Те слова, что мы не сказали друг другу - Леви Марк. Страница 20
Молодая женщина отложила карандаш и взглянула на Джулию:
— Если вы будете и дальше меня смешить, я испорчу набросок.
— Вот видишь, — подхватил Энтони, — ты мешаешь мадемуазель работать. Иди-ка лучше посмотри готовые портреты, а мы скоро закончим.
— Да ему плевать на рисование, он застрял здесь просто потому, что находит вас хорошенькой! — объяснила Джулия художнице.
Энтони знаком подозвал к себе дочь, словно хотел поделиться с ней каким-то секретом. Она с мрачным видом наклонилась к нему.
— Как по-твоему, — шепнул он ей на ухо, — сколько молодых женщин мечтали бы посмотреть, как их отец позирует для портрета через три дня после своей смерти, позволь спросить?
Джулия не нашлась, что ответить, и удалилась.
Стараясь не менять позу, Энтони искоса наблюдал за дочерью, которая разглядывала портреты тех, кто не взял свой заказ, или тех, кого молодая художница рисовала просто так, чтобы набить руку.
Внезапно лицо Джулии застыло, глаза изумленно уставились в одну точку, а рот приоткрылся, словно ей не хватало воздуха.
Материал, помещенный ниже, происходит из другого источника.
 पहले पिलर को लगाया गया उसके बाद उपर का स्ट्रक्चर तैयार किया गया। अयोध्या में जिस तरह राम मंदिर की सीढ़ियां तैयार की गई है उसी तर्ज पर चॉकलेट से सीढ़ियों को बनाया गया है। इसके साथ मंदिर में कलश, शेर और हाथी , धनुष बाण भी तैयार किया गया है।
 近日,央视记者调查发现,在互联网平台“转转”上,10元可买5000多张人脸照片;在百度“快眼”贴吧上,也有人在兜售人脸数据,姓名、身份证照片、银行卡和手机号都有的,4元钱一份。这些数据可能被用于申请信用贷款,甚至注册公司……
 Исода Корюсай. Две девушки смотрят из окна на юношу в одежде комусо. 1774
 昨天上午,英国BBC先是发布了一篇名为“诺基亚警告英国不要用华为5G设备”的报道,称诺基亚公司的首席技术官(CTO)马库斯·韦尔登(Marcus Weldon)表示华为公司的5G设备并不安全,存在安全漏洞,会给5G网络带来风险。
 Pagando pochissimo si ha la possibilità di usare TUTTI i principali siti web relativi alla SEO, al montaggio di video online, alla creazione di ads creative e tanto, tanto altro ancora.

Возможно ли такое чудо, чтобы несколько штрихов углем разом оживили целый мир, прочно погребенный в памяти?! Это лицо на прицепленном к решетке листе, эта едва намеченная ямочка на подбородке, эта тонкая линия, подчеркнувшая выпуклые скулы, этот взгляд, который был устремлен на нее с бумаги и от которого она не могла отвести глаз, этот крутой, упрямый лоб вернули ее на много лет назад, в такое далекое прошлое, к давно забытым чувствам… — Томас? — пролепетала она…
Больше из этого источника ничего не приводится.